## Source records
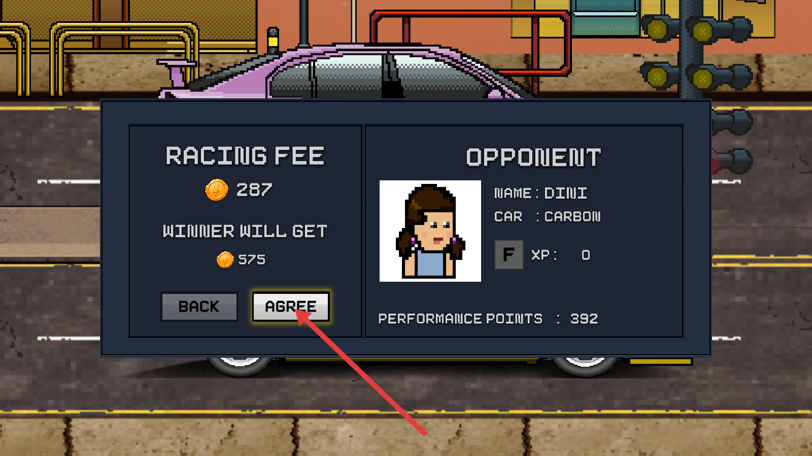 1、赛前界面点击【AGREE】,确认参赛:支付287金币,挑战对手DINI(座驾CARBON),获胜可获575金币。
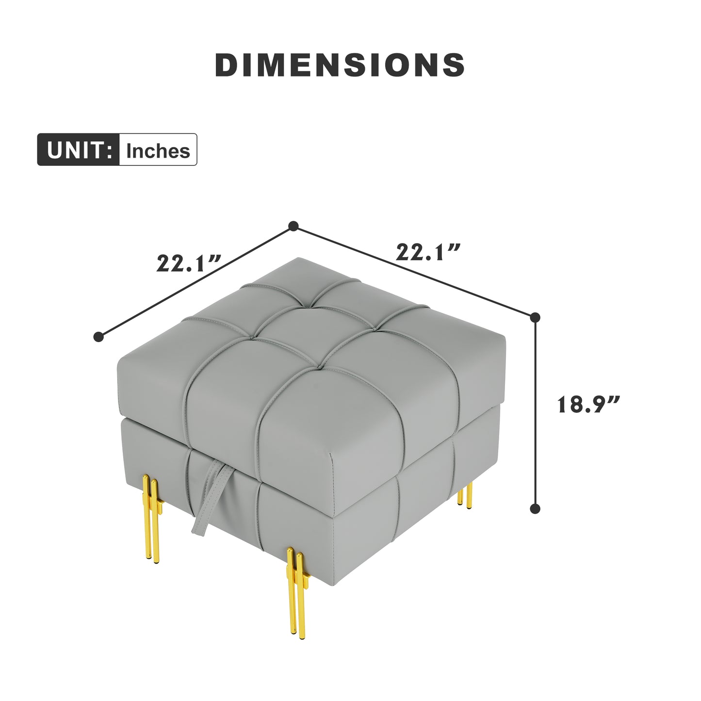 Enhance Your Space with 22 Inch Storage Ottoman in Gray
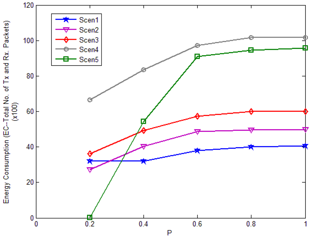 Figure 20 shows the energy consumption in different scenarios with different P values. In every scenario, the energy consumption increases with the increasing P. When P < 0.5, the energy consumption increases obviously, especially in Scenario 5. When P > 0.5, the energy consumption is nearly the same as in the basic flooding case. The energy consumption in Scenario 5 is the best, but from Figure 18 we can see its reach ability is too small when P = 0.2, which affects the successful query rate a lot. From the above analysis, in the network with high average degree, threshold P can be set to 0.2 or 0.4, at which the network can get good reach ability and energy consumption. But in the network with low average degree, threshold P should be set larger than 0.5 to get high reach ability. Although the scheme with small P can offer good energy consumption, we can't ignore the scheme's reach ability. In the compare simulations, we set P to 0.4 in Scenario 1 and Scenario 2; we set P to 0.5 in Scenario 3 and we set P to 0.8 in Scenario 4 and Scenario 5.
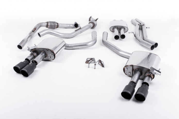 Klapkový catback výfuk AUDI S4 a S5 Sportback B9 3.0 TFSI V6 Milltek Sport - s rezonátorem / kulaté černé koncovky GT90
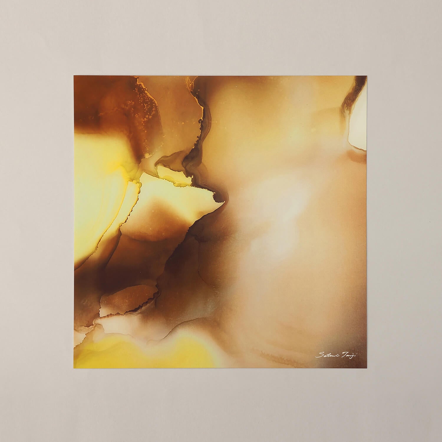 This work is created using a technique that involves pouring alcohol ink onto a canvas and utilizing the randomness that arises from the ink's spread, diffusion, and color mixing. It is a work by Tanji Satomi.
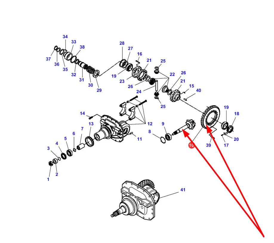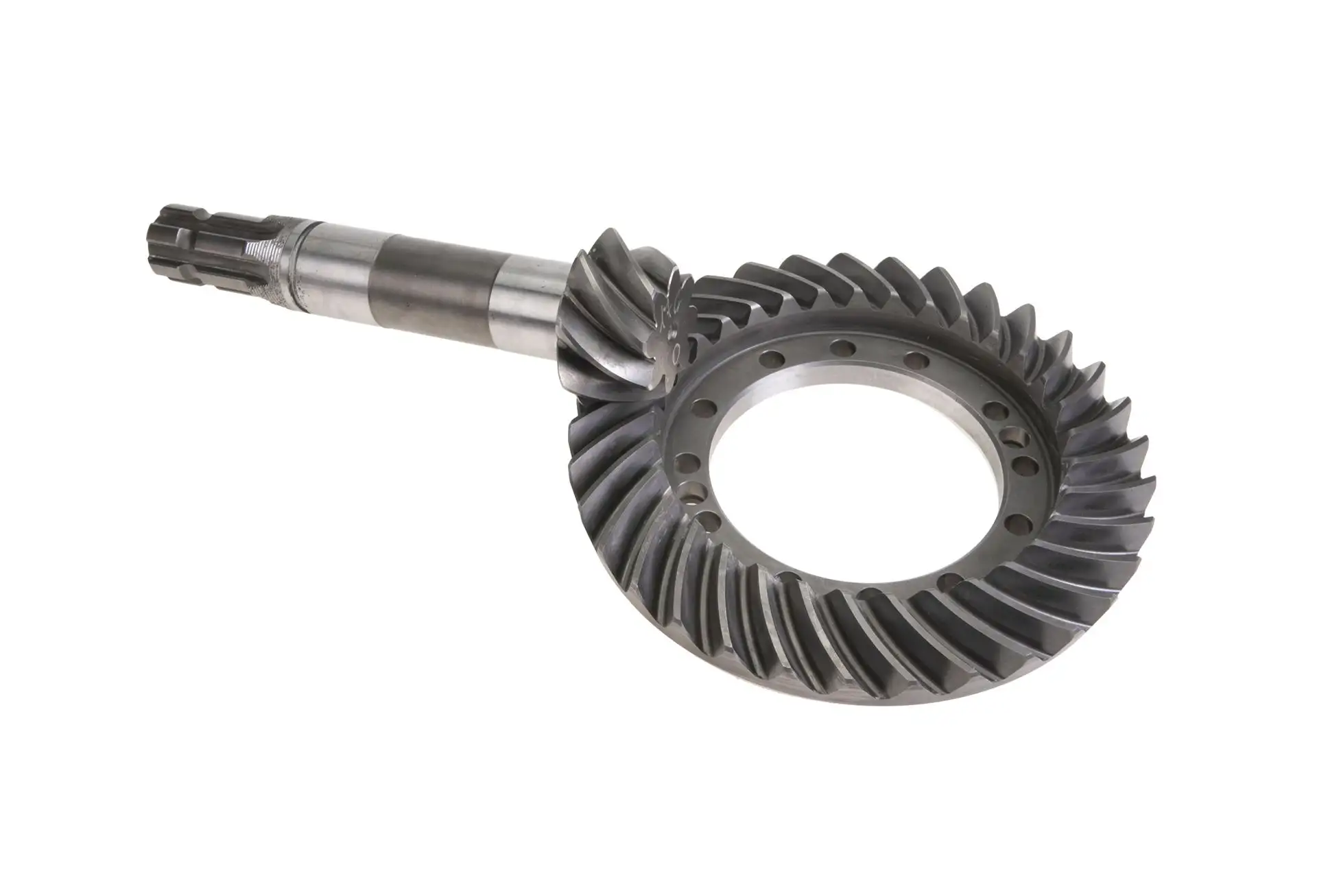 Oryginalny wałek atakujący z kołem talerzowym mechanizmu różnicowego przedniego napędu o numerze katalogowym 3766285M92, stosowany w ciągnikach rolniczych marki Massey Ferguson, Challenger.
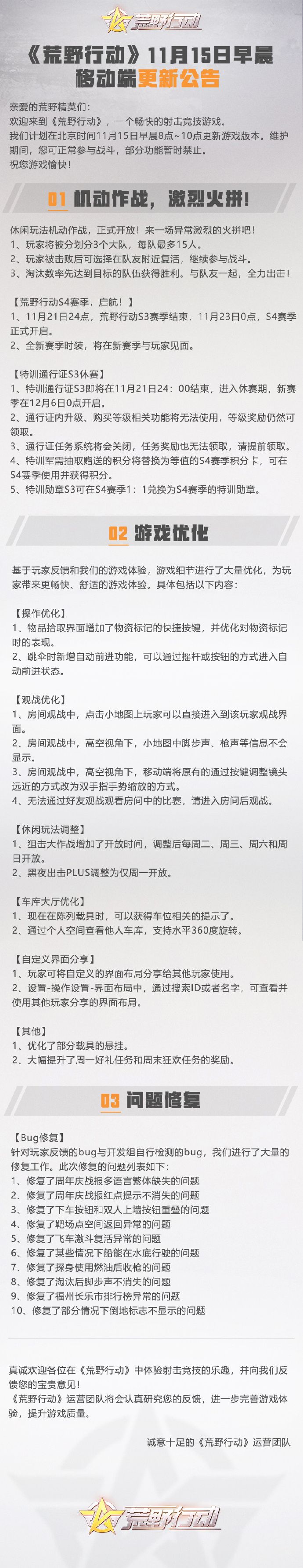 《荒野行动》11月15日移动端更新公告
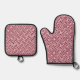 Ensemble De Gant De Cuisine Et De Manique Sayagata motif, japonais, bourgogne et blanc
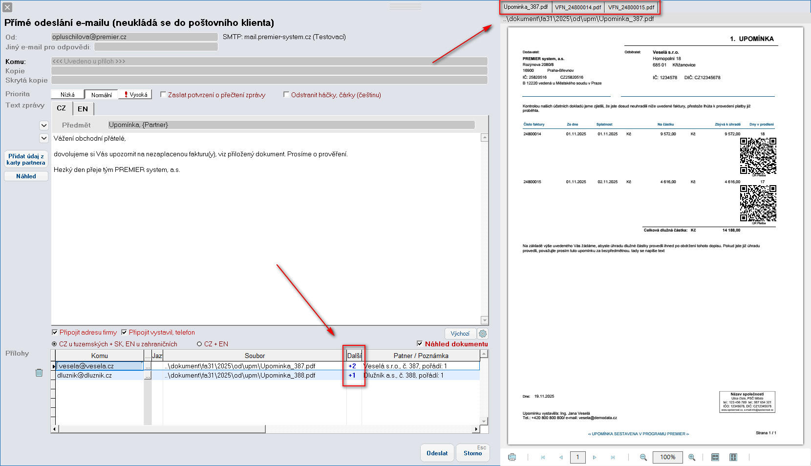 Klíčovou novinkou je možnost odeslání upomínek, a to včetně upomínaných faktur jednotlivě i hromadně. Exportované faktury jsou automaticky připojeny jako další přílohy e-mailu. Pokud faktura dosud exportována nebyla, program ji automaticky vyexportuje v základní tiskové sestavě a připojí do e-mailu. Odesláním upomínek společně s fakturami se vyhnete následnému doposílání dokladů a zrychlíte komunikaci s odběrateli.
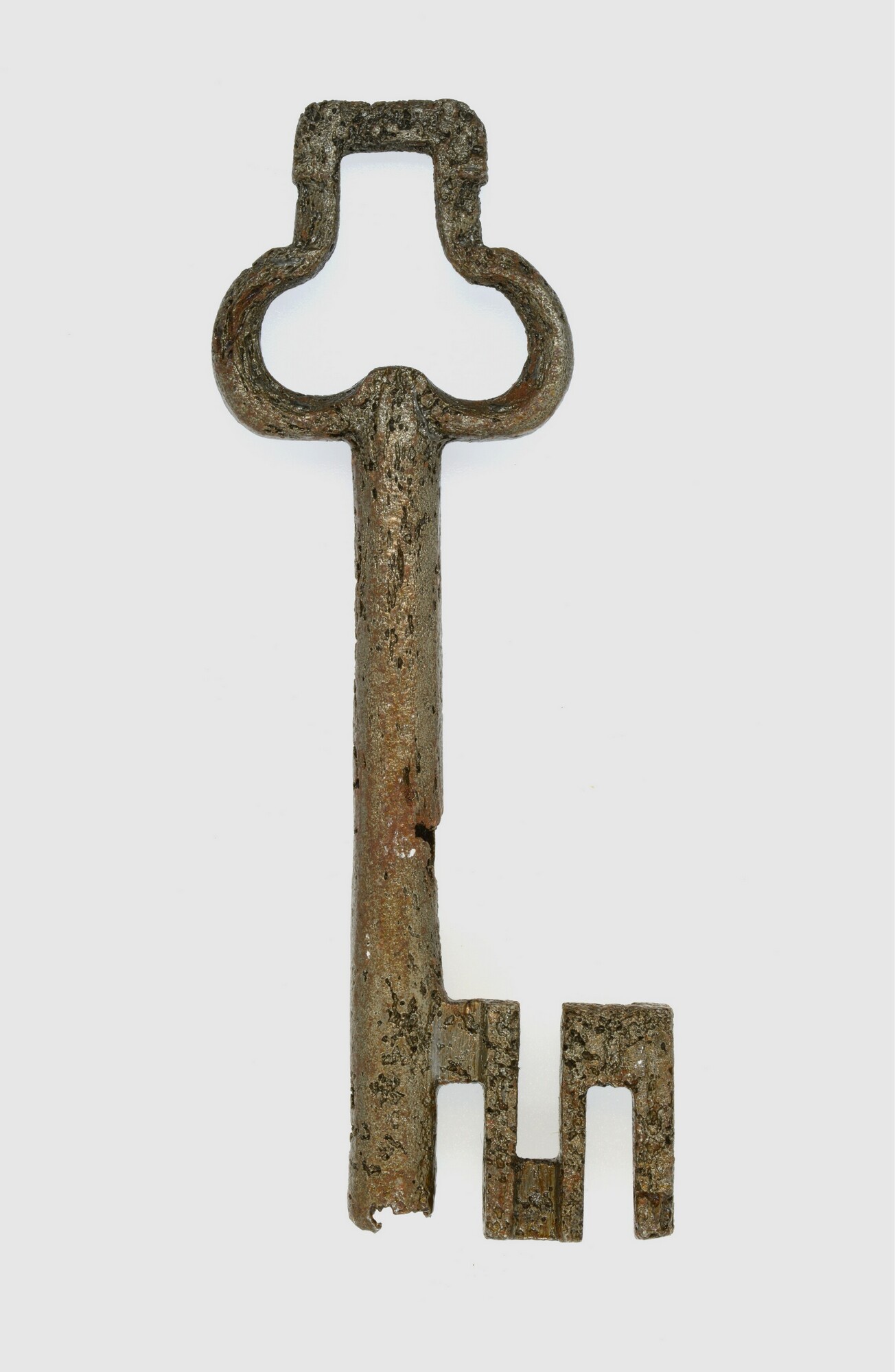Sleutel; massieve steel, klaverbladvormige greep; vondstdatum: 18-10-1935
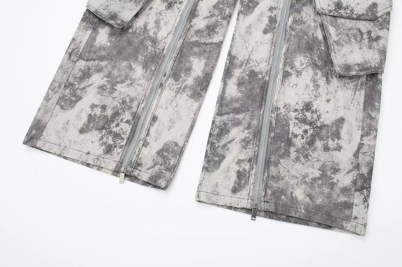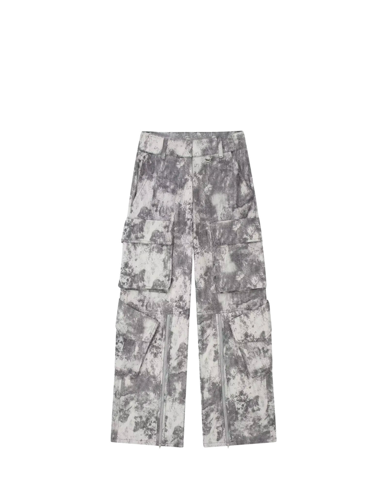 Printed wide leg cargo pants
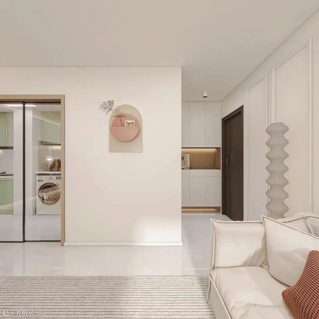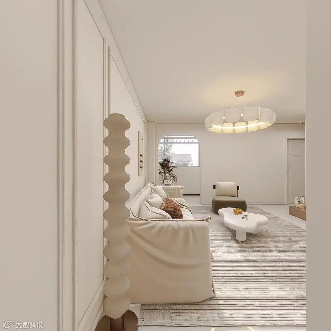 从入户一眼望到阳台,纵向视野开阔,显得家更大。白色整体风格也会显得空间立体,不做吊顶,而是用石膏线勾勒,不压层高。吊灯足够大,圆形云朵灯非常有温度,对应茶几选择了云朵异型款, 属于相辅相成。
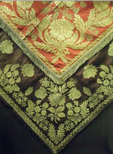 Что еще дополняло основной костюм? С богатым сарафаном надевали для тепла парчовую душегрею, собранную на спине красивыми складками. С рукавами — называлась епанёчка, на лямках — коротенька. Вышитый передник тоже мог иметь рукава, но чаще надевался на шею или повязывался над грудью. Ну и в праздник — красивый платок или шаль, скажем, каргопольский золотой плат с узорами. Таков наряд крестьянок русского Севера.
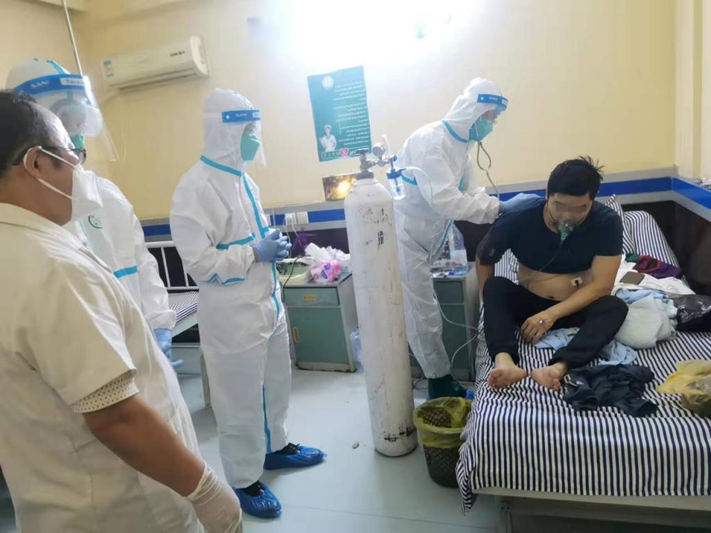 医疗队队长邢之景在接到任务后,立刻召开紧急会议。该患者集新冠肺炎、疟疾和伤寒传染病于一身,均为急性期,传染性较强,同时处于呼吸衰竭状态,血氧饱和度难以维持正常水平。队长根据医疗队人员配置及专业情况,安排刘重霄副队长、杨屹和刘海三位专家前往,并嘱托在及时救治患者的前提下,携带好防护用品,做好自身防护,保证安全。由于苏丹夜间街头常有军警持枪查检车辆,为策安全,再急调当地司机萨拉赫开车。
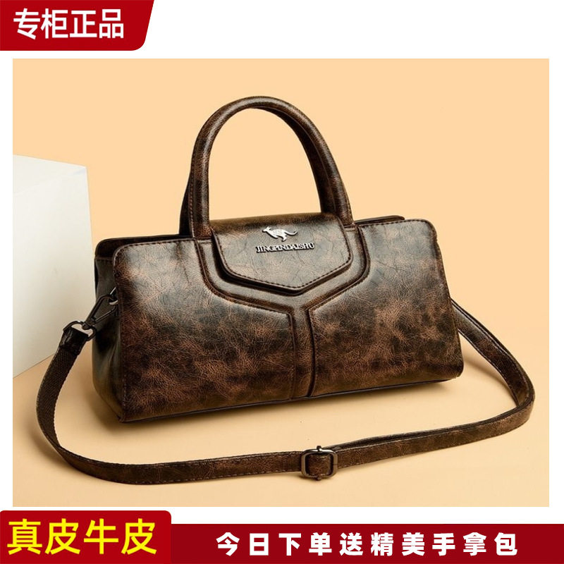 凯迪袋鼠时尚女士2026新款中年手提包真皮包包女妈妈包牛皮斜挎包
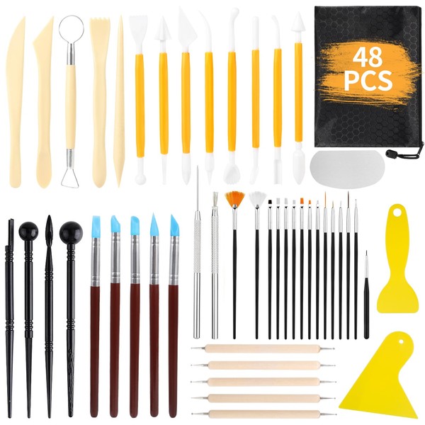 JAMATA 48-Piece Pottery Tool Set, Modelling Tool Set for Pottery Tools, Children Professional, Modelling Tool Set Clay with Storage Bag, Sculpting Tool for Professionals and Carving Tool Beginners
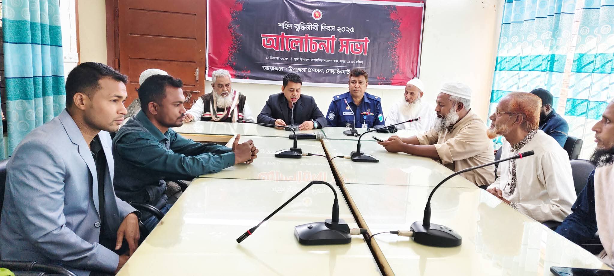 রোববার (১৪ ডিসেম্বর) বেলা ১১টায় উপজেলা প্রশাসনিক ভবনের কনফারেন্স কক্ষে শহীদ বুদ্ধিজীবী দিবস উপলক্ষে আয়োজিত আলোচনা সভায় গোয়াইনঘাট উপজেলা নির্বাহী কর্মকর্তা (ইউএনও) রতন কুমার অধিকারীর সভাপতিত্বে ও সঞ্চালনায় উপস্থিত ছিলেন ও বক্তব্য রাখেন গোয়াইনঘাট থানার অফিসার ইনচার্জ মোহাম্মদ মনিরুজ্জামান, উপজেলা কৃষি কর্মকর্তা রায়হান পারভেজ রনি, উপজেলা মুক্তিযোদ্ধা সংসদের যুগ্ম আহবায়ক ইসমাইল হোসেন সুরুজ, সাবেক কমান্ডার খায়রুল ইসলাম, উপজেলা পরিষদের সাবেক ভাইস চেয়ারম্যান মাওলানা গোলাম আম্বিয়া কয়েছ, জাতীয় নাগরিক পার্টির গোয়াইনঘাট উপজেলা শাখার প্রধান সমন্নয়কারী হাফিজ মৌলভী আব্দুল হাফিজ, গোয়াইনঘাট প্রেসক্লাবের সাধারণ সম্পাদক মোঃ করিম মাহমুদ লিমন, উপজেলা রিপোর্টার্স ক্লাবের সাধারণ সম্পাদক ইমরান আহমদ, জুলাই যোদ্ধা সংসদ সিলেট জেলা শাখার আহ্বায়ক আব্দুর রহিমসহ বীর মুক্তিযোদ্ধা, প্রশাসনিক, সামাজিক ও রাজনৈতিক নেতৃবৃন্দ।

## What is required
Please set down the records above verbatim, with each picture left out.

## Output below
 1、赛前界面点击【AGREE】,确认参赛:支付287金币,挑战对手DINI(座驾CARBON),获胜可获575金币。
 Enhance Your Space with 22 Inch Storage Ottoman in Gray
 Figure 20 shows the energy consumption in different scenarios with different P values. In every scenario, the energy consumption increases with the increasing P. When P < 0.5, the energy consumption increases obviously, especially in Scenario 5. When P > 0.5, the energy consumption is nearly the same as in the basic flooding case. The energy consumption in Scenario 5 is the best, but from Figure 18 we can see its reach ability is too small when P = 0.2, which affects the successful query rate a lot. From the above analysis, in the network with high average degree, threshold P can be set to 0.2 or 0.4, at which the network can get good reach ability and energy consumption. But in the network with low average degree, threshold P should be set larger than 0.5 to get high reach ability. Although the scheme with small P can offer good energy consumption, we can't ignore the scheme's reach ability. In the compare simulations, we set P to 0.4 in Scenario 1 and Scenario 2; we set P to 0.5 in Scenario 3 and we set P to 0.8 in Scenario 4 and Scenario 5.
 Klapkový catback výfuk AUDI S4 a S5 Sportback B9 3.0 TFSI V6 Milltek Sport - s rezonátorem / kulaté černé koncovky GT90
 This work is created using a technique that involves pouring alcohol ink onto a canvas and utilizing the randomness that arises from the ink's spread, diffusion, and color mixing. It is a work by Tanji Satomi.
 Oryginalny wałek atakujący z kołem talerzowym mechanizmu różnicowego przedniego napędu o numerze katalogowym 3766285M92, stosowany w ciągnikach rolniczych marki Massey Ferguson, Challenger.
 《荒野行动》11月15日移动端更新公告
 Ensemble De Gant De Cuisine Et De Manique Sayagata motif, japonais, bourgogne et blanc
 Klíčovou novinkou je možnost odeslání upomínek, a to včetně upomínaných faktur jednotlivě i hromadně. Exportované faktury jsou automaticky připojeny jako další přílohy e-mailu. Pokud faktura dosud exportována nebyla, program ji automaticky vyexportuje v základní tiskové sestavě a připojí do e-mailu. Odesláním upomínek společně s fakturami se vyhnete následnému doposílání dokladů a zrychlíte komunikaci s odběrateli.
Sleutel; massieve steel, klaverbladvormige greep; vondstdatum: 18-10-1935
 Printed wide leg cargo pants
 从入户一眼望到阳台,纵向视野开阔,显得家更大。白色整体风格也会显得空间立体,不做吊顶,而是用石膏线勾勒,不压层高。吊灯足够大,圆形云朵灯非常有温度,对应茶几选择了云朵异型款, 属于相辅相成。
 Что еще дополняло основной костюм? С богатым сарафаном надевали для тепла парчовую душегрею, собранную на спине красивыми складками. С рукавами — называлась епанёчка, на лямках — коротенька. Вышитый передник тоже мог иметь рукава, но чаще надевался на шею или повязывался над грудью. Ну и в праздник — красивый платок или шаль, скажем, каргопольский золотой плат с узорами. Таков наряд крестьянок русского Севера.
 医疗队队长邢之景在接到任务后,立刻召开紧急会议。该患者集新冠肺炎、疟疾和伤寒传染病于一身,均为急性期,传染性较强,同时处于呼吸衰竭状态,血氧饱和度难以维持正常水平。队长根据医疗队人员配置及专业情况,安排刘重霄副队长、杨屹和刘海三位专家前往,并嘱托在及时救治患者的前提下,携带好防护用品,做好自身防护,保证安全。由于苏丹夜间街头常有军警持枪查检车辆,为策安全,再急调当地司机萨拉赫开车。
 凯迪袋鼠时尚女士2026新款中年手提包真皮包包女妈妈包牛皮斜挎包
 JAMATA 48-Piece Pottery Tool Set, Modelling Tool Set for Pottery Tools, Children Professional, Modelling Tool Set Clay with Storage Bag, Sculpting Tool for Professionals and Carving Tool Beginners
 রোববার (১৪ ডিসেম্বর) বেলা ১১টায় উপজেলা প্রশাসনিক ভবনের কনফারেন্স কক্ষে শহীদ বুদ্ধিজীবী দিবস উপলক্ষে আয়োজিত আলোচনা সভায় গোয়াইনঘাট উপজেলা নির্বাহী কর্মকর্তা (ইউএনও) রতন কুমার অধিকারীর সভাপতিত্বে ও সঞ্চালনায় উপস্থিত ছিলেন ও বক্তব্য রাখেন গোয়াইনঘাট থানার অফিসার ইনচার্জ মোহাম্মদ মনিরুজ্জামান, উপজেলা কৃষি কর্মকর্তা রায়হান পারভেজ রনি, উপজেলা মুক্তিযোদ্ধা সংসদের যুগ্ম আহবায়ক ইসমাইল হোসেন সুরুজ, সাবেক কমান্ডার খায়রুল ইসলাম, উপজেলা পরিষদের সাবেক ভাইস চেয়ারম্যান মাওলানা গোলাম আম্বিয়া কয়েছ, জাতীয় নাগরিক পার্টির গোয়াইনঘাট উপজেলা শাখার প্রধান সমন্নয়কারী হাফিজ মৌলভী আব্দুল হাফিজ, গোয়াইনঘাট প্রেসক্লাবের সাধারণ সম্পাদক মোঃ করিম মাহমুদ লিমন, উপজেলা রিপোর্টার্স ক্লাবের সাধারণ সম্পাদক ইমরান আহমদ, জুলাই যোদ্ধা সংসদ সিলেট জেলা শাখার আহ্বায়ক আব্দুর রহিমসহ বীর মুক্তিযোদ্ধা, প্রশাসনিক, সামাজিক ও রাজনৈতিক নেতৃবৃন্দ।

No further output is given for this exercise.